-- Supplied data follows --
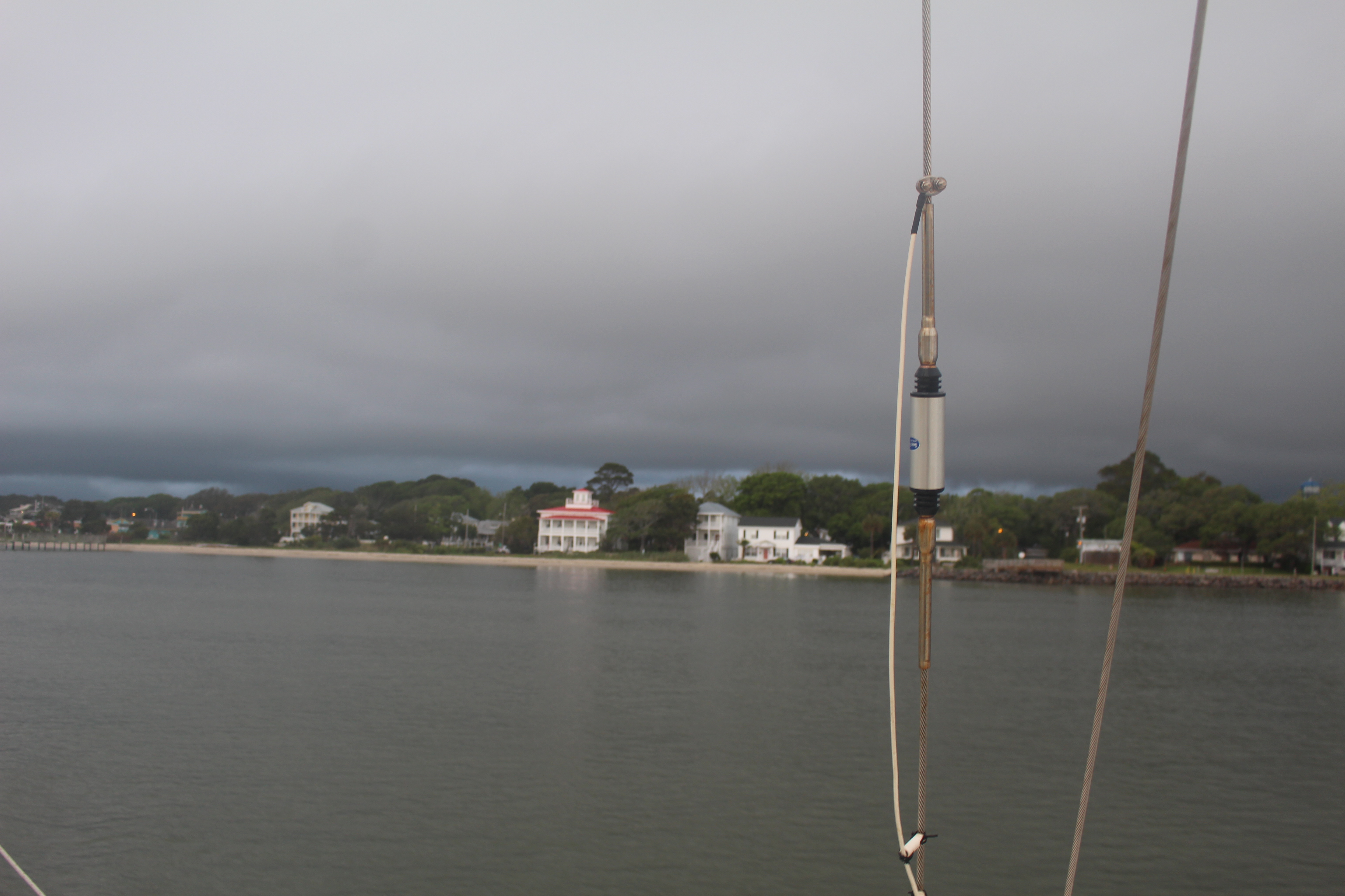 But first we had to get here. In Southport we had a fun dinner with Pip, who had sailed aboard Ransom in the BPO to French Polynesia. Then up the Intracoastal Waterway to Wrightsville, where we anchored for two nights to let some stormy weather pass over. Lots of reading for two days. Then on up the ICW to Swansboro. We anchored there, but dragged in the shifting current, so we tied at the town dock. That worked out well for getting groceries and for doing some cleaning of the side of the hull alongside the dock.
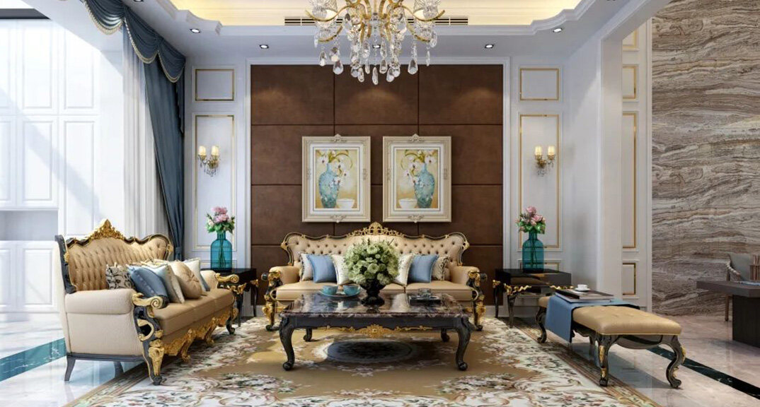 這是一套輕奢歐式風(fēng)格的裝修案例,復(fù)古、時(shí)尚、現(xiàn)代等多重元素的碰撞,讓居住者時(shí)時(shí)刻刻都有不同的思想迸發(fā),體會(huì)不一樣的生活情境。米色調(diào)地毯似一道道弧形海浪將沙發(fā)茶幾包裹其中,線條與線條交相呼應(yīng),讓室內(nèi)呈現(xiàn)出自由爛漫的狀態(tài)。
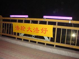 黑龙江省鸡西市大法弟子悬挂条幅庆大法日
-- Supplied data concluded --
-- Work required --
Without including any picture, set down the listing above exactly as it appears.

-- Completed exercise --
 But first we had to get here. In Southport we had a fun dinner with Pip, who had sailed aboard Ransom in the BPO to French Polynesia. Then up the Intracoastal Waterway to Wrightsville, where we anchored for two nights to let some stormy weather pass over. Lots of reading for two days. Then on up the ICW to Swansboro. We anchored there, but dragged in the shifting current, so we tied at the town dock. That worked out well for getting groceries and for doing some cleaning of the side of the hull alongside the dock.
 這是一套輕奢歐式風(fēng)格的裝修案例,復(fù)古、時(shí)尚、現(xiàn)代等多重元素的碰撞,讓居住者時(shí)時(shí)刻刻都有不同的思想迸發(fā),體會(huì)不一樣的生活情境。米色調(diào)地毯似一道道弧形海浪將沙發(fā)茶幾包裹其中,線條與線條交相呼應(yīng),讓室內(nèi)呈現(xiàn)出自由爛漫的狀態(tài)。
 黑龙江省鸡西市大法弟子悬挂条幅庆大法日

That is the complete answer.